Éva a lu pour vous ..
Chroniques littéraires
Le livre des choses perdues
John Connolly
L'Archipel
2009
346 pages traduites par Pierre Brevignon
Fantastique
Chronique
30 juin 2018
« John Connolly est né à Dublin en 1968. En sept romans, dont La proie des ombres et L'Ange noir, cet ancien journaliste à l'Irish Times a imposé son style noir, fantastique et poétique. Ce maître du thriller a su mettre son univers au service de ce roman onirique - hommage aux livres et à la lecture. Le livre des choses perdues a été traduit dans 21 pays. »

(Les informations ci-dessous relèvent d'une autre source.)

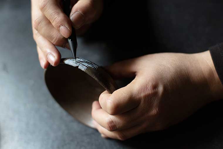 Q:您的创作涉及锔瓷、金工、雕刻、漆艺等多重技艺。您如何理解不同工艺在“修造”中的角色?是否有意识地去打破某些传统工艺的边界?过程中遇到的最大挑战是什么? A:我对中国传统文化的溯源性怀有极大兴趣。研究锔瓷时,我想知道它到底属于哪个领域。后来通过大量拜访学者,到中国美院、清华美院、南京艺术学院、广州博物馆等地请教,我得出的结论是:锔瓷本身就源于金工系统。所以我会去做锻造、做金工,是为了解决它的“根”的问题——弄清楚“它是谁”。当知道了它从哪里来,我才可以拓展。如果不知道根本,就会失去方向。 所以,从锔瓷到金工,再到修造概念的形成,是一个发展的过程。当我知道它的根本所在,各种技艺才能相辅相成。 2018年我从广西移居福州,这是一个重要的转折。在福州,我接触到了寿山石雕刻、漆器制作、根雕,不是说具体地去学一门技艺,而是从这些工艺里面去总结共通的地方,然后融合到自己的创作中。每门工艺是一个载体,工艺之间是相通的。 与此同时,来福州后,我产生了一个新疑问:如果传统锔瓷工艺也无法修复器物,那该怎么办?残缺的器物是不是可以呈现另外一种美?就这样,沿着问题走下去,我把在福州学习的雕刻、漆艺等融入创作中,从起初简单的外部雕刻,一层层往里走,拓展传统器物再生之路,使得残破的古老器物既得以保留本来气息,又以焕然一新的面貌重生于当下。 最大的挑战不是技术本身,而是如何让多种工艺和谐共生,不喧宾夺主。器物永远是主角,修造只是配角。我要听从它想成为什么,而不是我去设定它必须成为什么。 Q:您曾赴清华美院、北大考古文博学院进修,并师从日本教授学习象嵌技法。这些系统性的学术训练如何影响您的创作视角?对于“手艺学习是否必需学院化”这一问题,您怎么看? A:从一个企业家转入传统手工艺,对这个领域而言,我可能像个“小白”。虽然之前接触过陶瓷,但我要探究的东西很多,需要通过不断学习来解决。 2017年我到清华大学美术学院进修,师从日本东京艺术大学前田宏智教授学习日本传统象嵌技法。2023年至2024年在北京大学考古文博学院研修宋代艺术考古美学。这些学术训练让我更深刻地理解了器物背后的历史文化脉络。比如建盏,在宋代的美学体系里,它其实是一个非常另类的东西,不懂的人看它就是黑乎乎的一团。与其他宋代瓷器的文秀雅致不同,建盏的这种率真和厚重,其实沿袭的是秦汉美学。 至于“手艺学习是否必需学院化”,我认为学习是必需的,但形式可以多样。学院教育提供的是系统性的知识框架和溯源能力,这是非常宝贵的。但手艺的本质是实践,是日复一日的打磨。两者不是替代关系,而是相辅相成。天赋给了你感知能力,但你需要有对象去感受,需要一把钥匙把内在的东西打开。这把钥匙,可以从书本中获得,从视频中获得,但更要从现场、从实物中获得。

Voilà, voilà, les éléments biographiques étant brièvement posés, je reste stupéfaite après avoir lu ce .... Quoi au juste ? Un conte philosophique ? Oui ! Un livre de fantasy ? Aussi ! Un roman historique et fantastique dont les différents niveaux de lecture peuvent contenter tout le monde, des adolescents aux adultes aux âmes d'enfants ? Là encore, tout à fait.
Un très beau livre fabuleux, où le héros de 12 ans, David, nous bouleverse dès les premières pages. Un gamin, qui en ce début de seconde guerre mondiale à Londres, passe des deals avec le destin en s'appliquant tous les matins à certains actes répétitifs, des Tocs, sensés assurer un destin heureux. Car en ces heures sombres où la RAF fait tout ce qu'elle peut pour repousser les attaques aériennes allemandes au dessus de Londres, sa maman est en train de mourir dans la douleur en soin palliatif pour cancéreux au dernier stade de la vie.
Une vie qui pour David est tellement difficile à supporter qu'il se réfugie dans les livres, les fictions, dans un monde irréel plus acceptable que celui dans lequel il survit.
C'est sa mère qui l'a mené à la littérature donc ainsi se sent-il plus proche d'elle. Mais inévitablement elle décède et le voilà orphelin avec son père. Le tandem réussit à s'en sortir plus ou moins, d'autant plus qu'il est hors de question que David parte avec les autres enfants envoyés à la campagne loin de leurs parents le temps du conflit.
Mais un danger guette tout de même notre jeune héros. La directrice du centre où fut hospitalisée sa maman a sympathisé au fil des mois avec le père et l'inconcevable se produit, ils tombent amoureux. David se met à haïr Rose, avec laquelle après le mariage ils vont vivre dans sa grande maison avec jardin à 80 km au nord ouest de la capitale.
David ne lâche rien pendant tout l'été, et oppose une force d'inertie polie à Rose, malgré ses tentatives de rapprochement, comme le fait qu'elle ait choisi de l'installer dans une chambre sous le toit remplie de livres variés. Le pire est la naissance de Georgie son demi-frère. S'en est trop, le deuil, le chagrin, la sensation d'être abandonné, oublié, rejeté font que soudain, il commence à avoir des crises pendant lesquelles il s'évanouit ou pire entend les livres lui murmurer à l'oreille.
Moments savoureux...
Évidemment il n'en parle pas au pédopsychiatre qu'il rencontre régulièrement. Trop peur d'être catalogué comme fou.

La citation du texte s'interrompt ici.